Recipes from Mexico :: Mexican Soups and Stews
3 1/2 (three and a half) c. fresh or frozen corn
1 c. chicken stock
1/4 c. butter
2 c. milk
1 whole, cooked chicken breast, boned and chopped
1 c. Monterey jack cheese
Canola (or other vegetable) oil
1 garlic clove, minced
1 tsp. Mexican oregano
Salt and ground pepper
2 Tbsp. canned green chiles, diced
1 c. tomatoes, diced
2 Tbsp. cilantro, minced
Tortilla Square or rectangles
Combine corn and chicken stock in blender or food processor. Purée. In a 3-quart saucepan combine butter and corn mixture; simmer slowly for 5 mins., stirring to keep corn from sticking.

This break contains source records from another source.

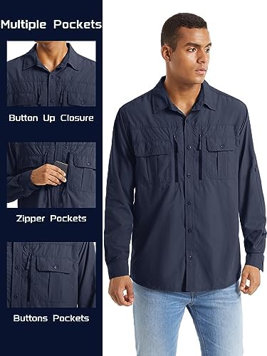 TACVASEN Men’s Tactical Shirts Quick Dry UV Protection Breathable Long Sleeve Hiking Fishing Button Shirts
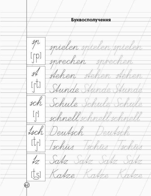 Зошит-шаблон з німецької мови призначений для першого та другого років навчання у закладах загальної середньої освіти. Зошит відповідає типовим освітнім програмам Нової української школи, затвердженим МОН України.
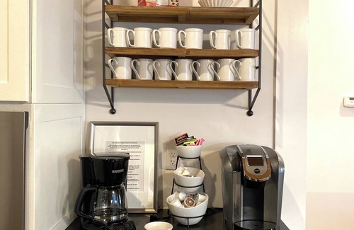 The open concept living area of the John-Marie House features comfy seating, a 50 inch smart TV, original art, quartz counters, stainless appliances. The kitchen is equipped with full size stainless appliances, microwave, toaster, Keurig coffee maker, standard coffee maker, (complementary coffee provided) nice selection of pots and pans, drink ware, dinnerware and eating utensils.
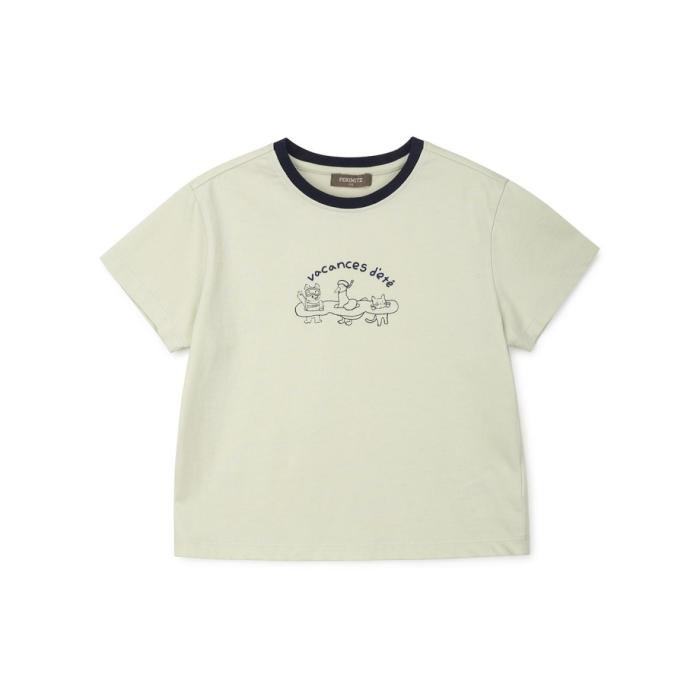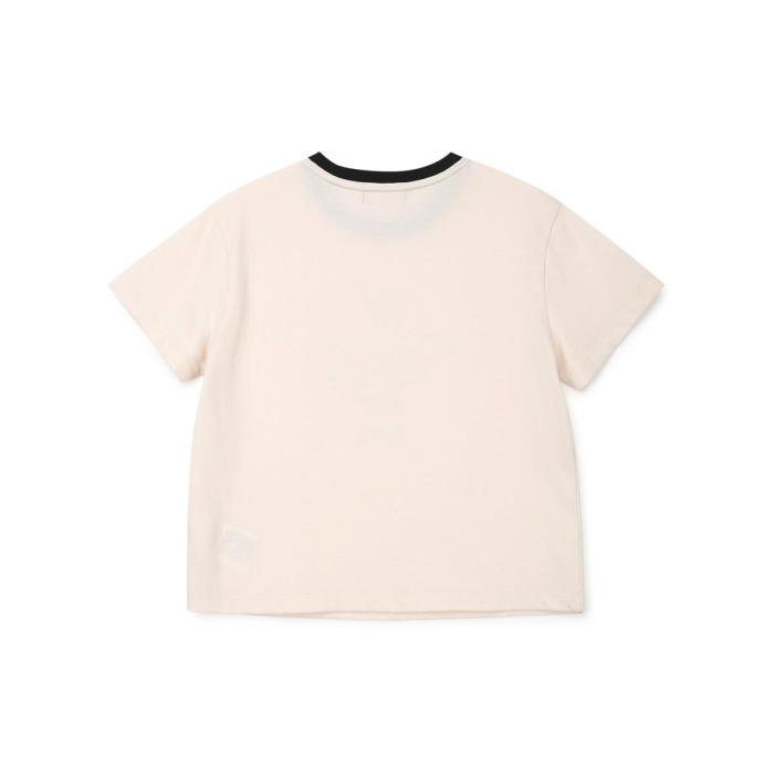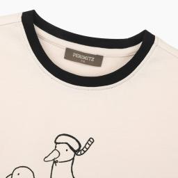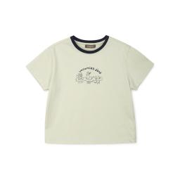 A playful character-print T-shirt with a contrasting neck color, made from lightweight CP fabric that feels cool and doesn’t cling to the skin.
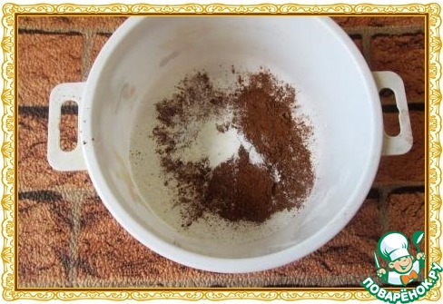 В отдельной посудине смешиваем крахмал, какао-порошок и разрыхлитель теста
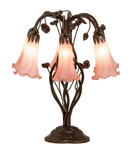 Recreating the popular Tiffany design from the early 1900s... This table lamp offers an attractive, delicate design featuring three stunning Pink a...
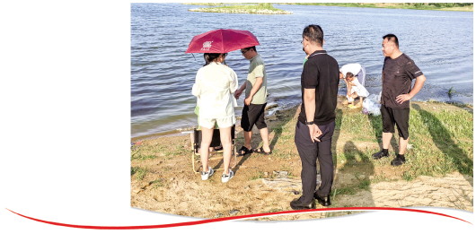 该街道主要负责人带队,组织街村干部、河管员、志愿者等力量,持续加强对重点河段、重点水域的巡逻力度,确保“看好人”“管住水”;线上充分利用微信群、标识标牌、语音播报等宣传防溺水知识;线下通过张贴海报、悬挂横幅等形式进行宣传教育,引导群众自觉远离河道,共同筑牢生命“安全线”。图为工作人员对在河边玩耍的群众进行劝离。
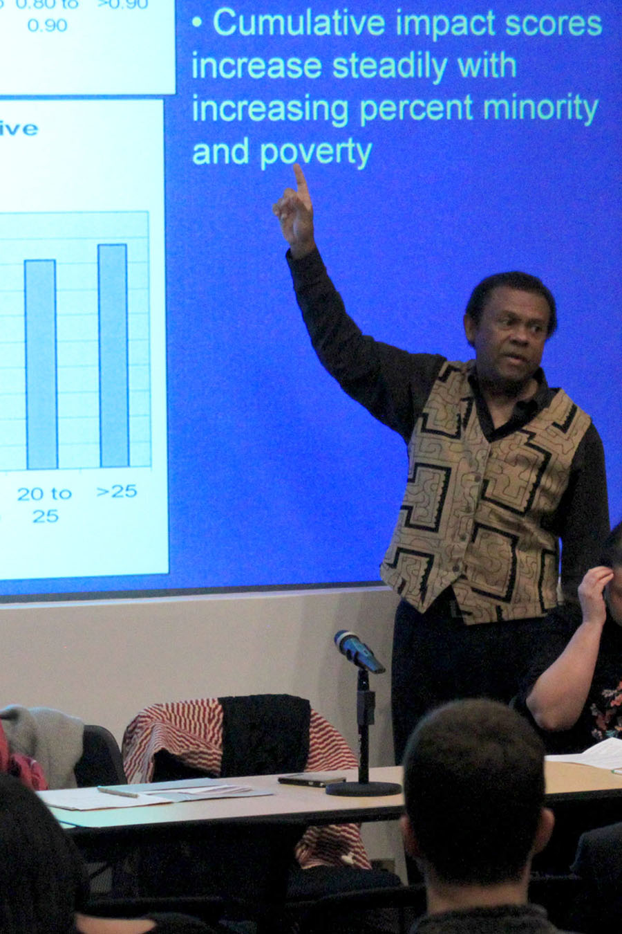 Dr. Nicky Sheats, Esq., Director of the Center for the Urban Environment at the John S. Watson Institute for Public Policy, Thomas Edison State University, opened the Catlin lecture with a discussion of the backdrop for the conditions that prompted development of the ordinance and the rationale among advocates and local officials for pursuing an approach focusing on land use. Some of the questions he focused on were, how do multiple pollutants interact with each other in an environment, and what social implications do they have? What do these pollutants mean for the community? And finally, while governments attempt to regulate pollutants in a way that does not breach individuals’ standards, how are those standards defined?
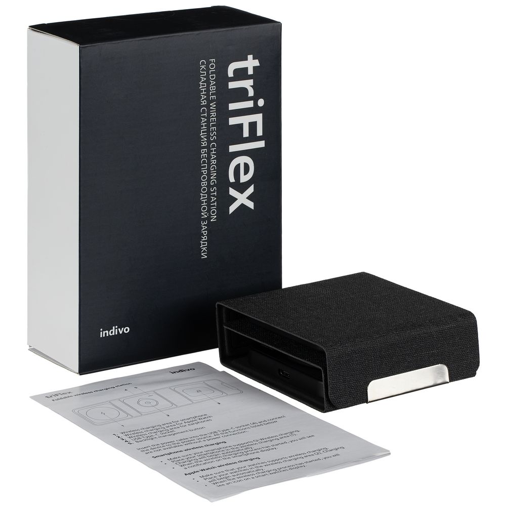 triFlex — компактное устройство беспроводной зарядки для самых мобильных и современных пользователей. Станцию легко свернуть в аккуратный бокс, поэтому ее удобно использовать не только в офисе, но и находясь в дороге — подзарядка может понадобиться где угодно.
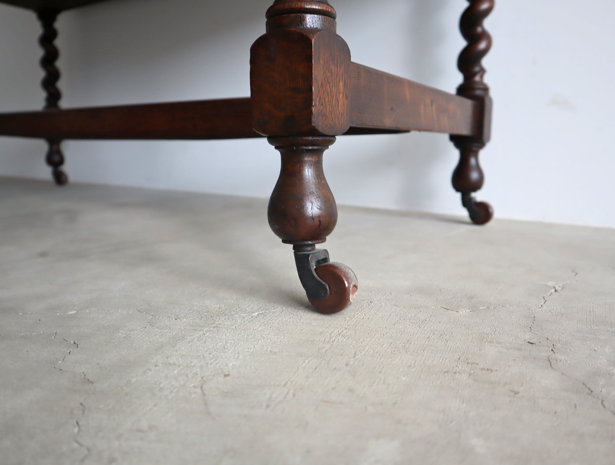 深みのあるダークブラウンの木肌に、丁寧な装飾とツイストの支柱が美しく映える一台です。
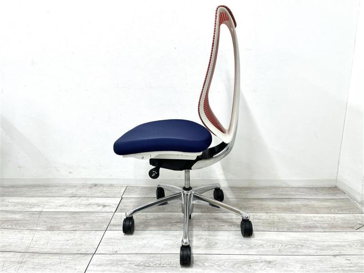 【人間工学から生まれた最先端のワーキングチェア!】■オカムラ サブリナチェア 肘掛け無 背:レッド / 座:ダークブルー ■流れるような美しいフォルム!姿勢に心地よくフィット!【K10】
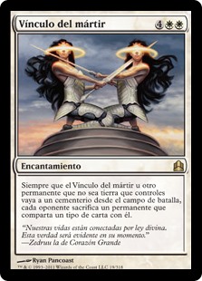 | Rules | Whenever Martyr's Bond or another nonland permanent you control is put into a graveyard from the battlefield, each opponent sacrifices a permanent that shares a card type with it. |
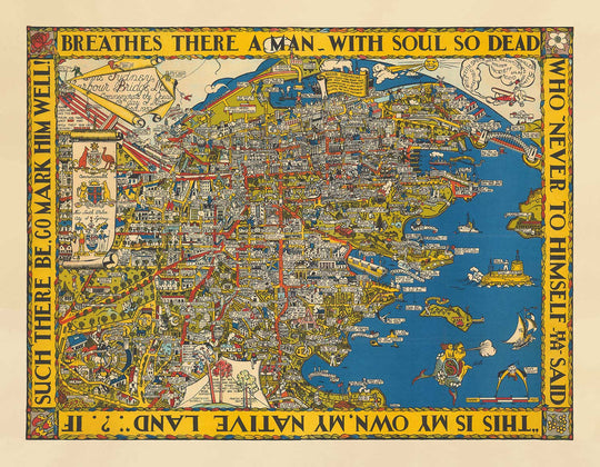 Ancienne carte pictoriale de Sydney, 1932 par Russell Lloyd: Harbour Bridge, Baies, Gare centrale, Jardins botaniques et sirènes!
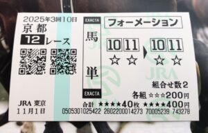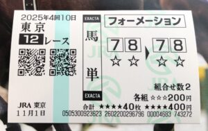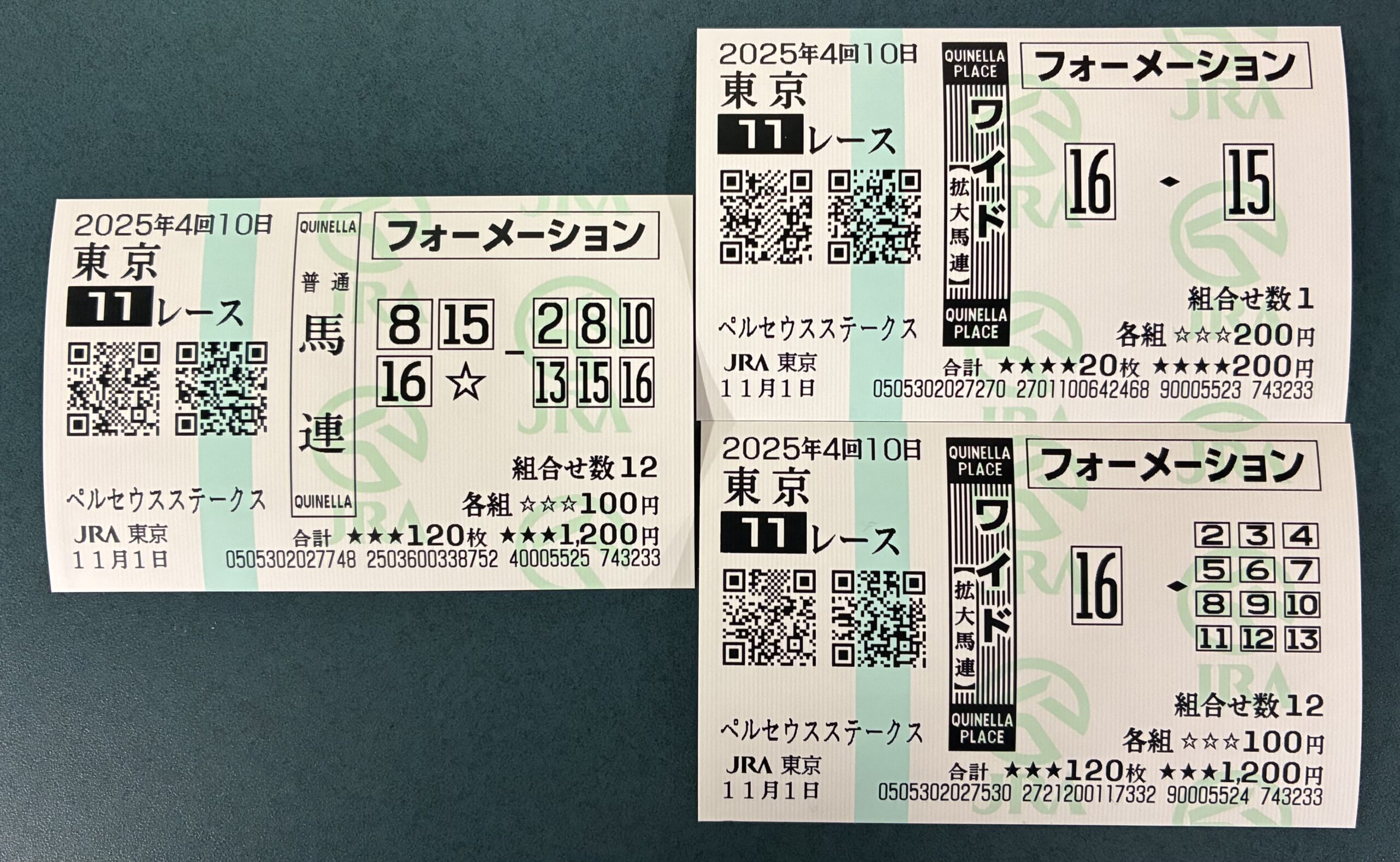 大混戦の粒揃いメンバーの印象、それでも東京マイルなら、新馬戦から追いかけて来た父アロゲート ⑯アッシュルバニパル が強いと思います。連続して東京2100使ったのが謎、1度惨敗したら、もう使わないと思ったのにまた使うし。道悪で時計持ってて、得意のワンターンに戻せば軸としては信頼できると思います。WIN4は1通りにします。あとは、ダート2度目 ⑮トロヴァトーレ + 初ダート3頭 ⑦カラマティアノス、⑧ジェイパームス、⑩レガーロデルシエロ が化けて来るかな。ジェイパームスは毎日王冠でも狙ってたくらいで、スピードの絶対値は重賞級です、あとダート適性だけ。雨で軽くなった馬場が味方すれば。この子たちに走られたら仕方ないです。馬券は馬連ワイドで勝負、買ったら下に載せます。
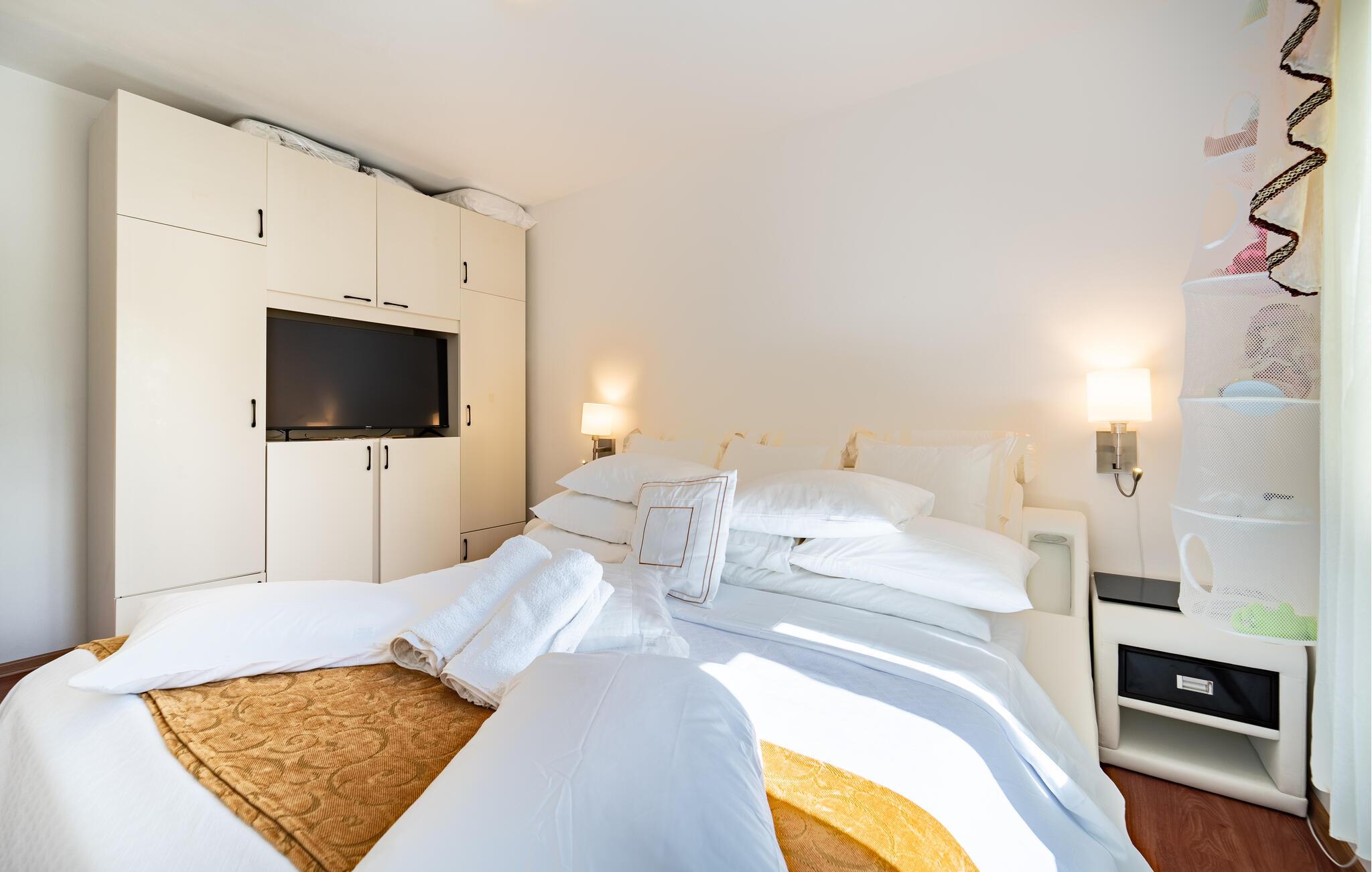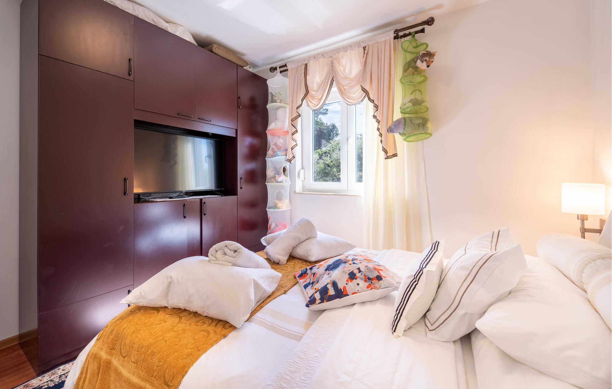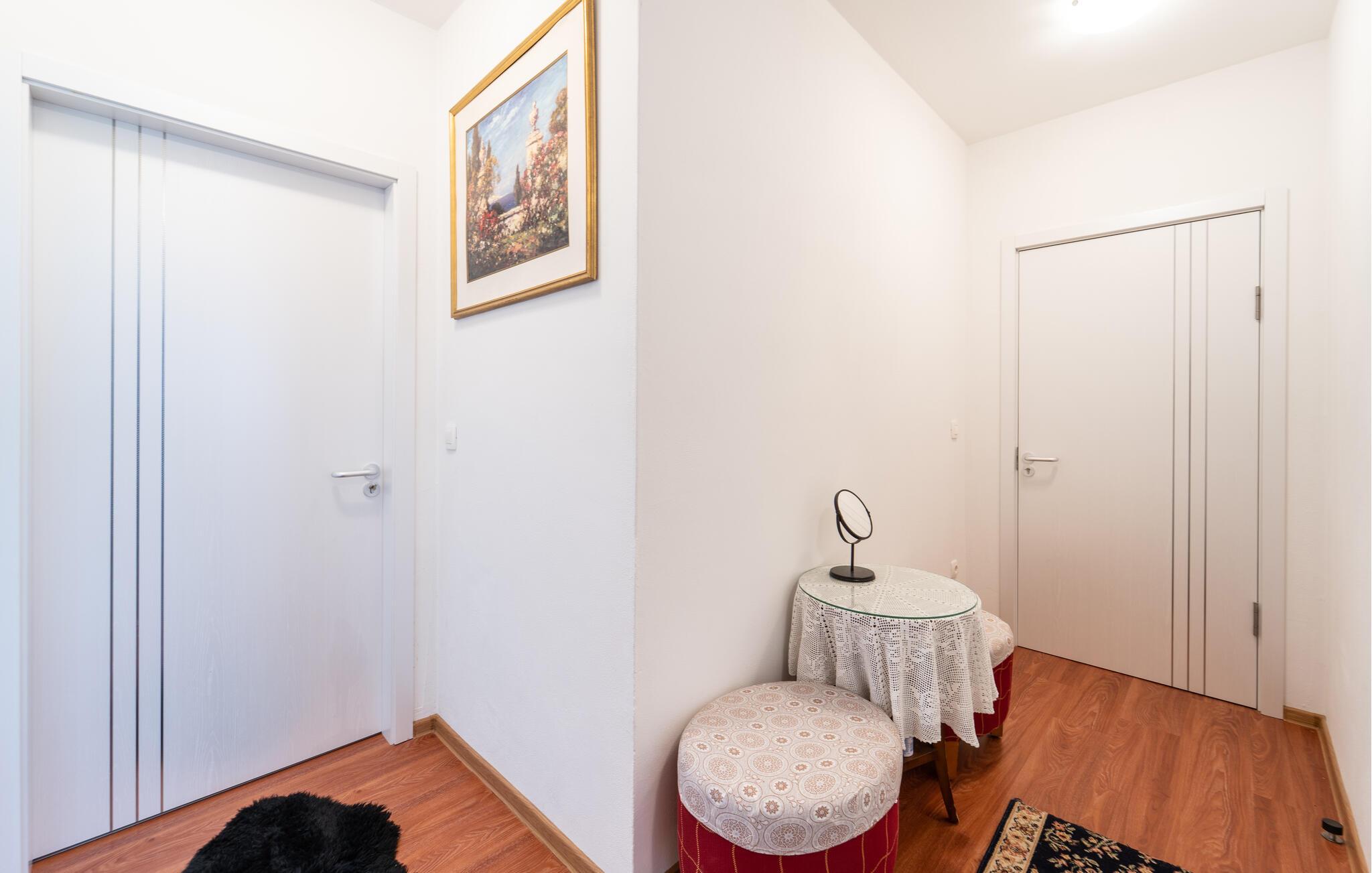 Tag familien under armen og rejst til Sukosan, hvor der venter jer en fuldt ud afslappende ferie i denne attraktive lejlighed. Her får I godt med plads til et ophold med den udvidede familie, uden I behøver give køb på den gode komfort. Lejligheden er flot indrettet og byder på alle de faciliteter, I har brug for, til at gøre gøremålene og madlavningen til en leg. Efter aftensmaden kan I gøre det lidt ekstra godt for jer selv og sætte jer til rette med et godt glas vin i boblebadet. I den helt anden ende af skalaen er der mulighed for at holde formen ved lige i fitness-rummet, der deles med de andre gæster.

Add milk, garlic, oregano, salt and pepper and bring to boil. Reduce heat; add chiles and simmer for 5 mins. (Soup may be frozen or refrigerated at this point.)
To serve, reheat soup slowly. Divide chicken and tomatoes among 6 bowls. Remove soup from heat. Add cheese and stir until melted. Ladle soup into bowls and sprinkle and distribute with cilantro and Tortilla Square or rectangles.
Tortilla Square or rectangles
Cut 6 to 8 tortillas in 1/2-in. square or rectangles and fry until crisp and golden. Drain on paper towels. Unsalted commercial chips may also be used.